Insurance Issues

Our Frequently Asked Questions section references accepted standard of practice and guidelines from regulatory and professional organizations including the National Institutes of Health (NIH), American College of Surgery (ACS), American Society for Metabolic and Bariatric Surgery (ASMBS) As always, please check with your healthcare provider to determine their individual practices, guidelines and what they recommend for you.

Why does it take so long to get insurance approval?
Simply put, to get insurance approval you must have weight loss surgery as a covered benefit in your plan and then meet the criteria your plan requires. This is called verifying benefits and you as a member or beneficiary of the insurance plan can verify your benefits. Call the customer service number on your card and ask the insurance representative to check your plan for coverage of weight loss surgery. Our office staff will also be verifying the weight loss surgery benefit.

Once verification has been completed then you must document meeting the requirements set forth by your plan and formally request the insurance company to authorize payment for the surgery. Our office staff will assist you in understanding, documenting and submitting for authorization. When we have submitted all the required health information to your insurance company it can take up to 4 weeks to receive notification of approval or denial.

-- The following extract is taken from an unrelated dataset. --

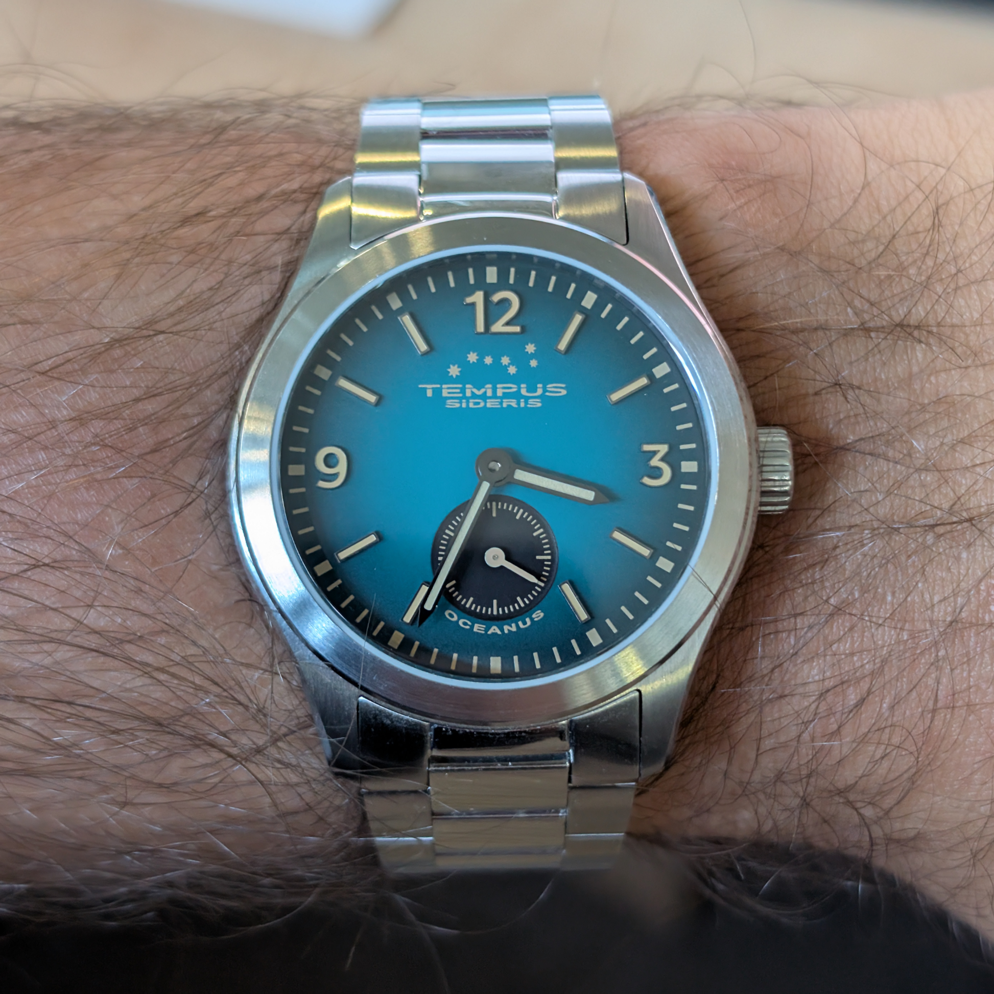 Il quadrante Oceanus è un tributo alla culla della vita, all'abisso misterioso che ci collega alle nostre origini più profonde. Il quadrante è di un blu profondo e saturo, un colore che racchiude sia la calma della superficie sia il mistero delle profondità. È un orologio che ci ricorda che ogni tempo, per noi, è iniziato nell'acqua.
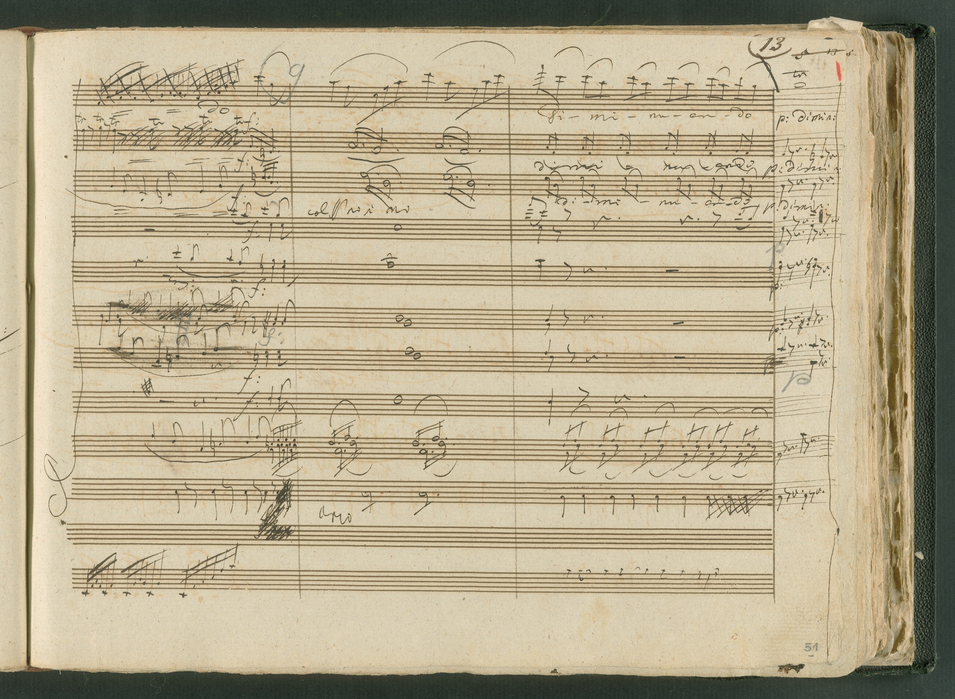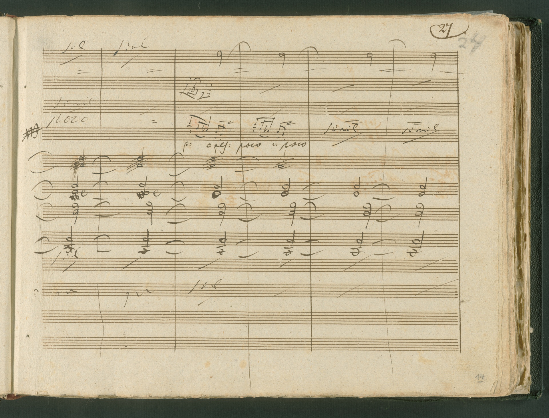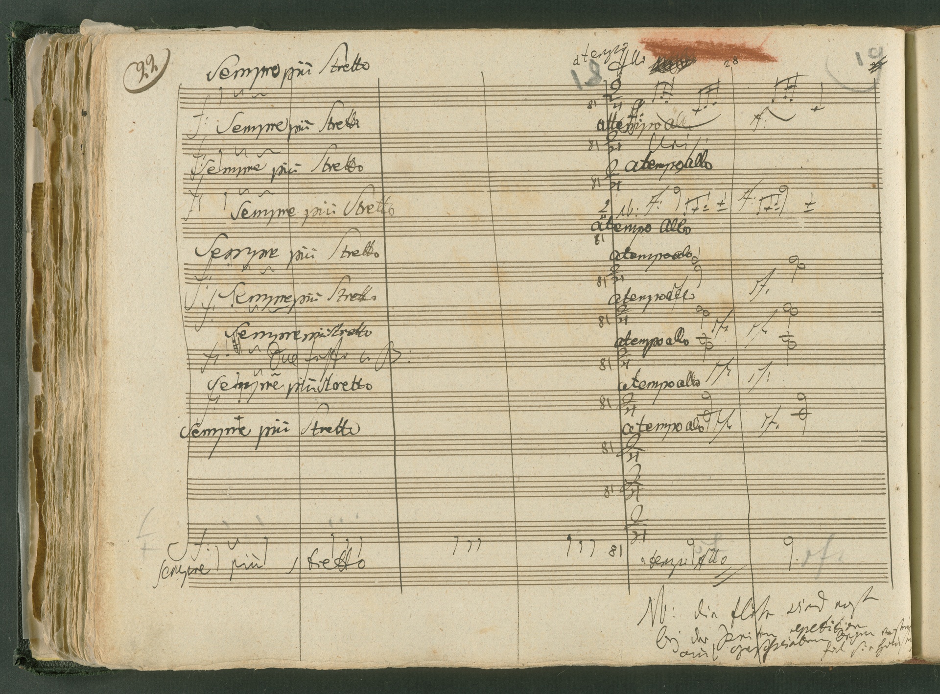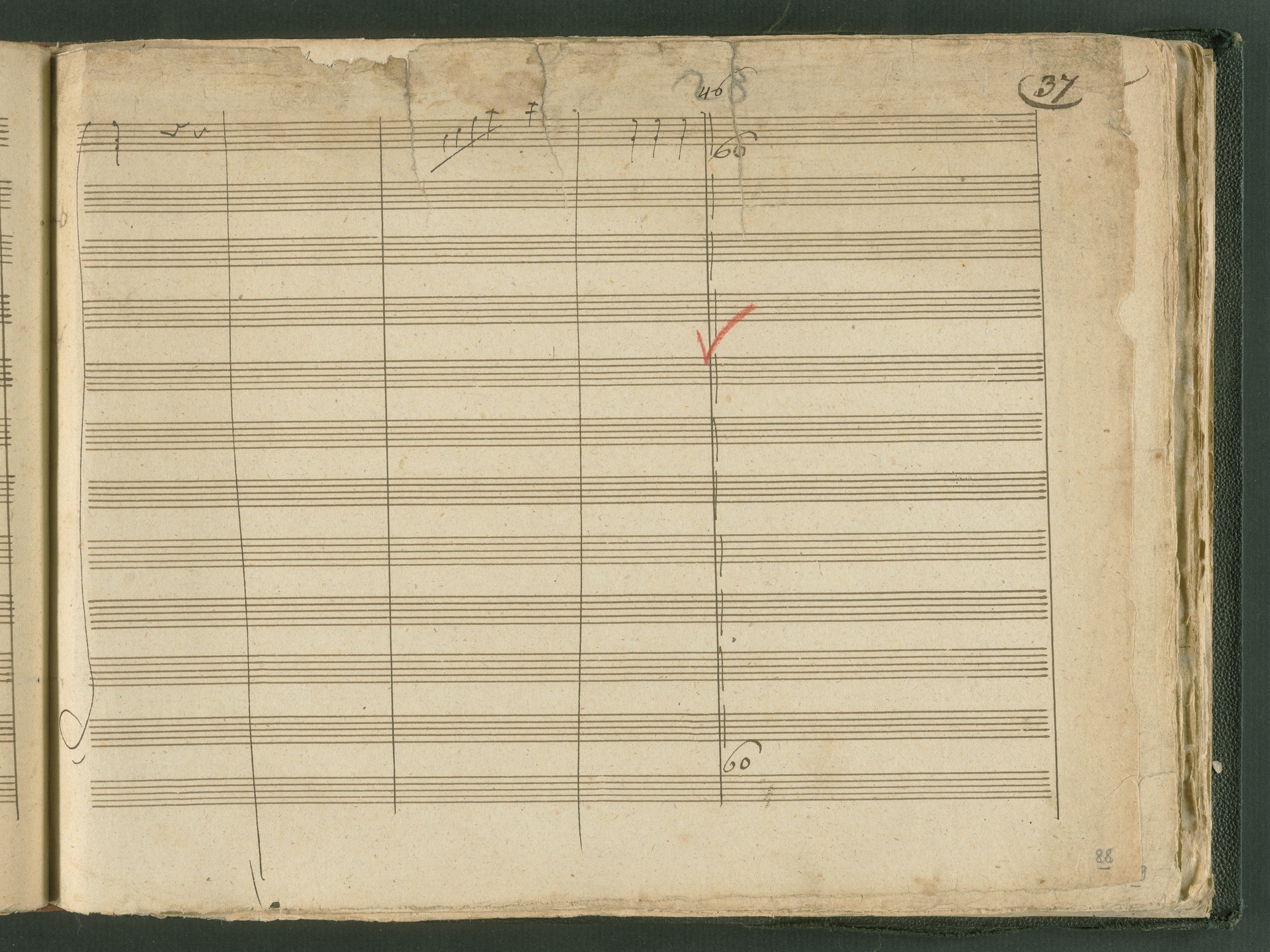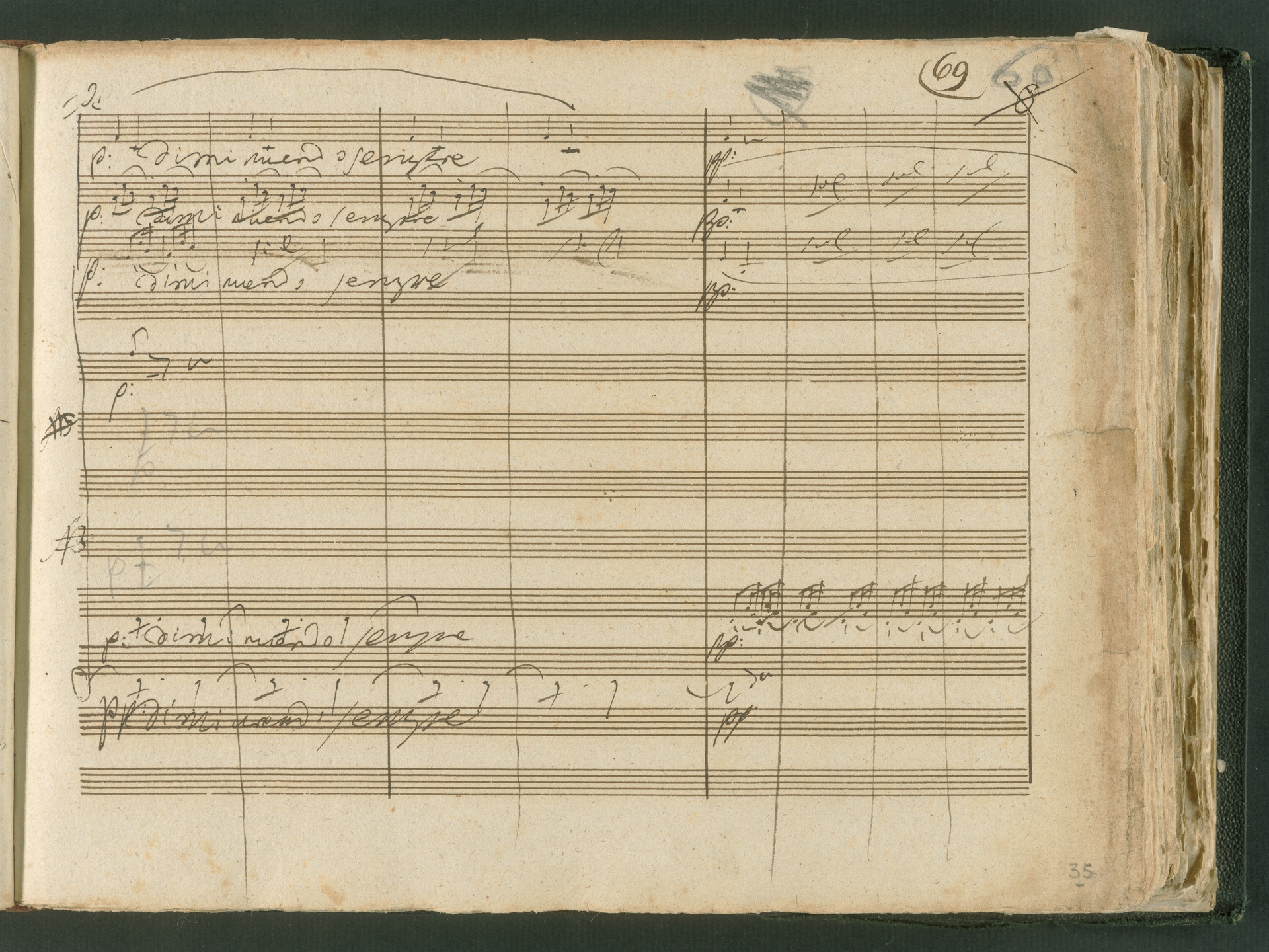 Nach der Niederschrift der Füllstimmen hatte der Komponist nun eine zunächst fertige, vorläufig vollständige Partitur vor sich. In einem weiteren Schritt sah er sich das ganze Werk noch einmal durch und überarbeitete es an vielen Stellen vollständig. Dabei konnte es auch vorkommen, dass er vorherige Änderungen wieder zurücknahm. In so einem Fall wurde eine gestrichene Stelle mit "bleibt" gekennzeichnet, z.B. auf Bl. 69r (Bild 139). Schließlich sah sich ein zuverlässiger Berufskopist, Joseph Klumpar, der etliche Male für Beethoven arbeitete, die Partitur durch, um daraus die Abschrift der Orchesterstimmen vorzubereiten. Bei dieser Durchsicht las Klumpar das Autograph auch Korrektur und machte Anmerkungen zu unklaren Stellen im Text oder zu Versäumnissen, auf die er Beethoven aufmerksam machte und die dieser dann korrigierte. An solchen Stellen notiert Klumpar am Rand ein "NB", nach Korrektur wurde der Vermerk durchgestrichen. So hatte Beethoven z.B. auf Bl. 52r Noten vergessen. Der Kopist hatte dies bemerkt, daraufhin trug Beethoven mit seinem roten Korrekturstift (Rötel) die entsprechende Stelle nach und Klumpar strich seinen Vermerk am linken Rand wieder durch - erledigt. Vermutlich schrieb Beethoven den vierten Satz etwas später als die übrigen Sätze noch einmal aus. Es finden sich darin keine Instrumentierungsskizzen, eine andere Tinte, eine andere Heftung und er war auch nicht zuvor in drei Großtakte geordnet worden. (J.R.)

Most insurance companies state that notification will be provided within 14 business days. Our office staff regularly monitors the progress of your request. It may also be helpful for you to call the claims service of your insurance company about a week after your letter has been submitted and ask about the status of your request.

How can they deny insurance payment for a life-threatening disease?
Authorization for surgery may be denied for reasons that are specific to the health insurance plan being provided by your employer. Most commonly they are the weight loss surgery benefit does not exist; has been excluded from your policy or the documentation submitted for authorization does not meet the criteria required as medically necessary; such as 3 to 6 months of physician-supervised dieting or 5 year history of morbid obesity as documented by a primary care provider with a date range.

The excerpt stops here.